▶ Your goal: Find the line containing "Multi-color Lace Up" in the entries; transcribe it and all remaining lines through the end, exactly as they appear, but not the pictures.

Records from a dataset:

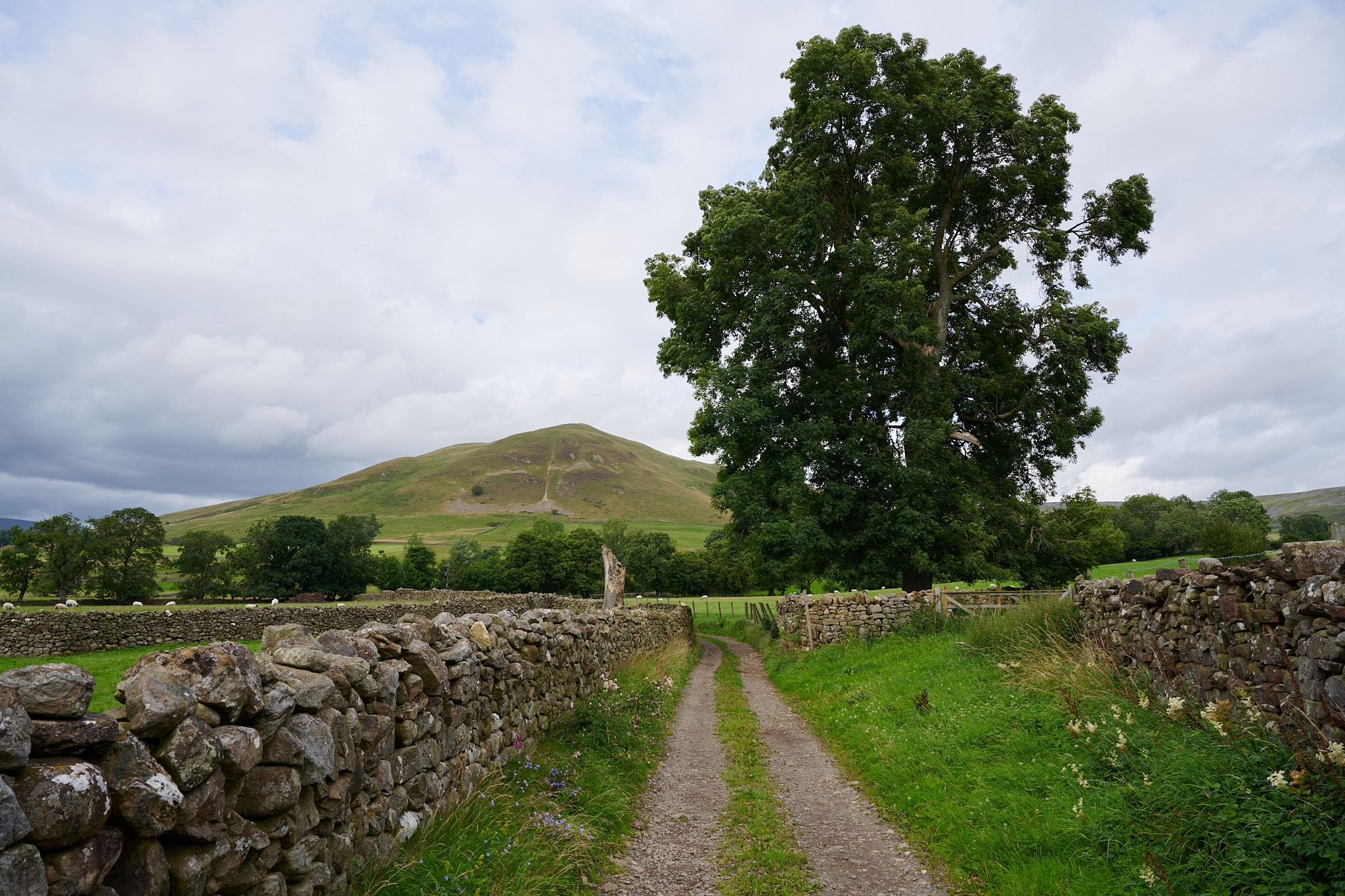 My first sighting of Dufton Pike, that little pyramid poking up over the meadow.
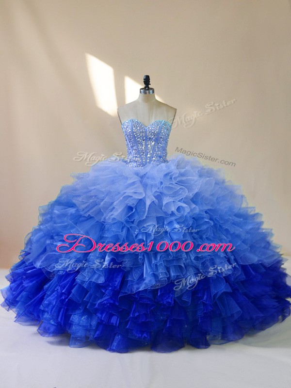 Multi-color Lace Up Sweetheart Beading and Ruffles Quinceanera Gowns Organza Sleeveless
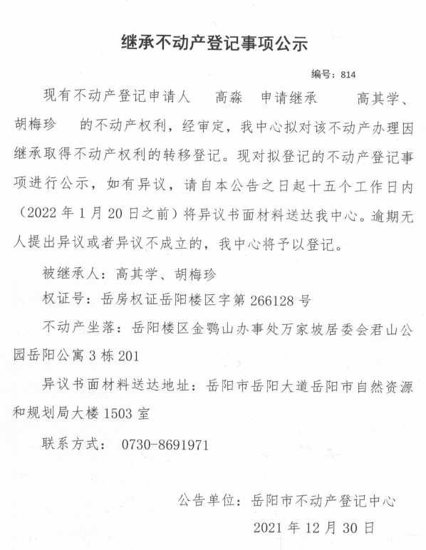 继承不动产登记公示 编号:(2022)继814号(高淼)
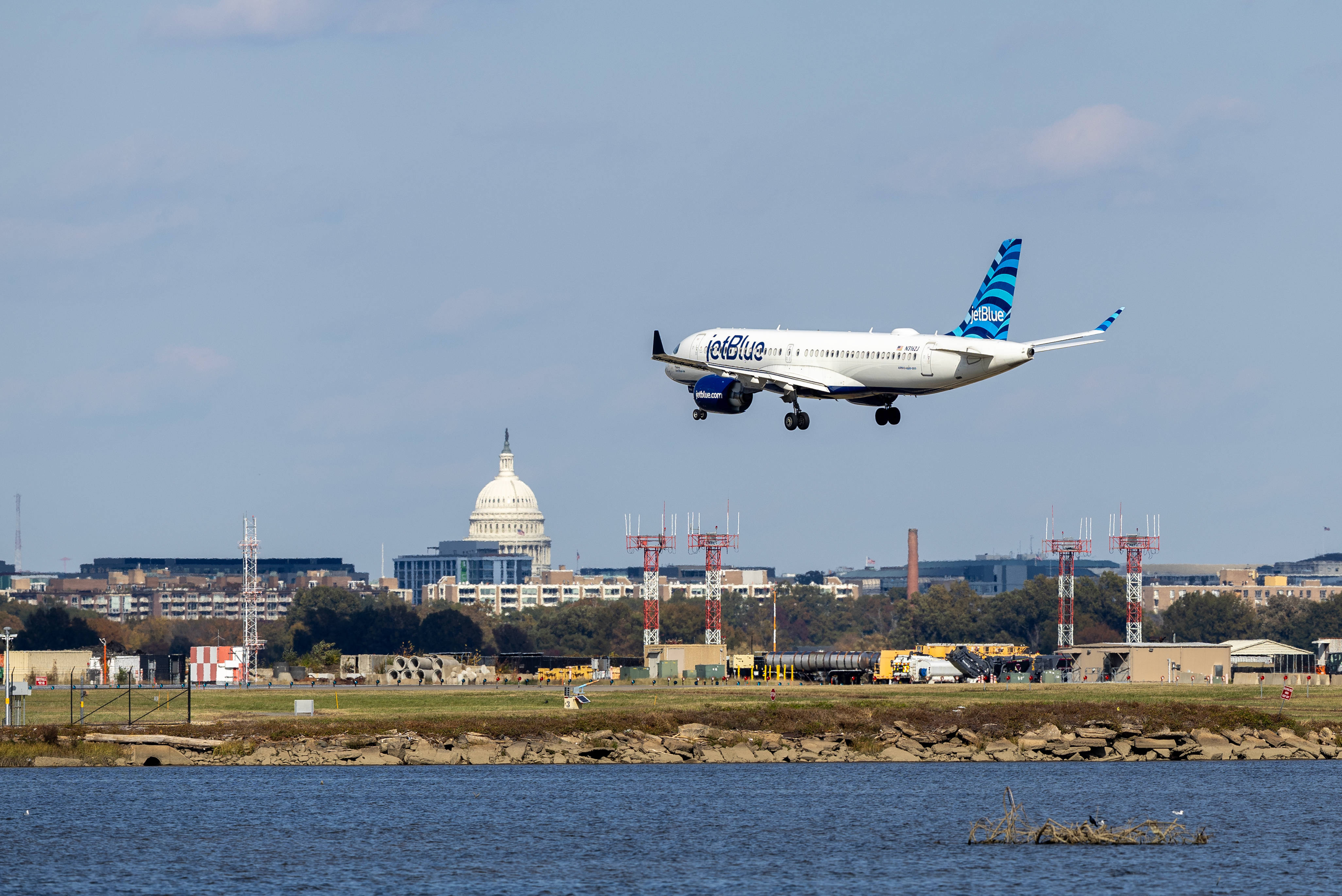 11月1日,一架飞机降落在美国弗吉尼亚州阿灵顿的里根国家机场。新华社记者胡友松摄自10月1日联邦政府“停摆”以来,作为“必要人员”的空中交通管制员被迫无薪上班,请假人员日渐增多,导致全国各地航班延误或取消情况加剧。
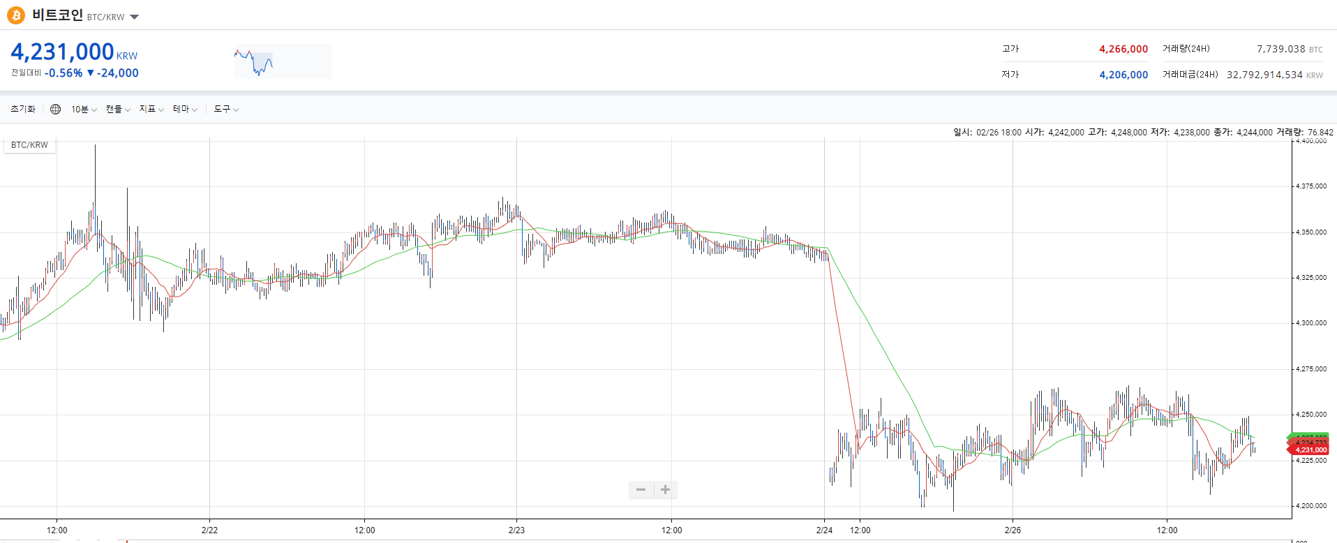 그래도 오른 가격에 비하면 이정도 하락은 조정으로도 볼 수 있을 것 같은데요~~

▶ Exercise solution:
 Multi-color Lace Up Sweetheart Beading and Ruffles Quinceanera Gowns Organza Sleeveless
 继承不动产登记公示 编号:(2022)继814号(高淼)
 11月1日,一架飞机降落在美国弗吉尼亚州阿灵顿的里根国家机场。新华社记者胡友松摄自10月1日联邦政府“停摆”以来,作为“必要人员”的空中交通管制员被迫无薪上班,请假人员日渐增多,导致全国各地航班延误或取消情况加剧。
 그래도 오른 가격에 비하면 이정도 하락은 조정으로도 볼 수 있을 것 같은데요~~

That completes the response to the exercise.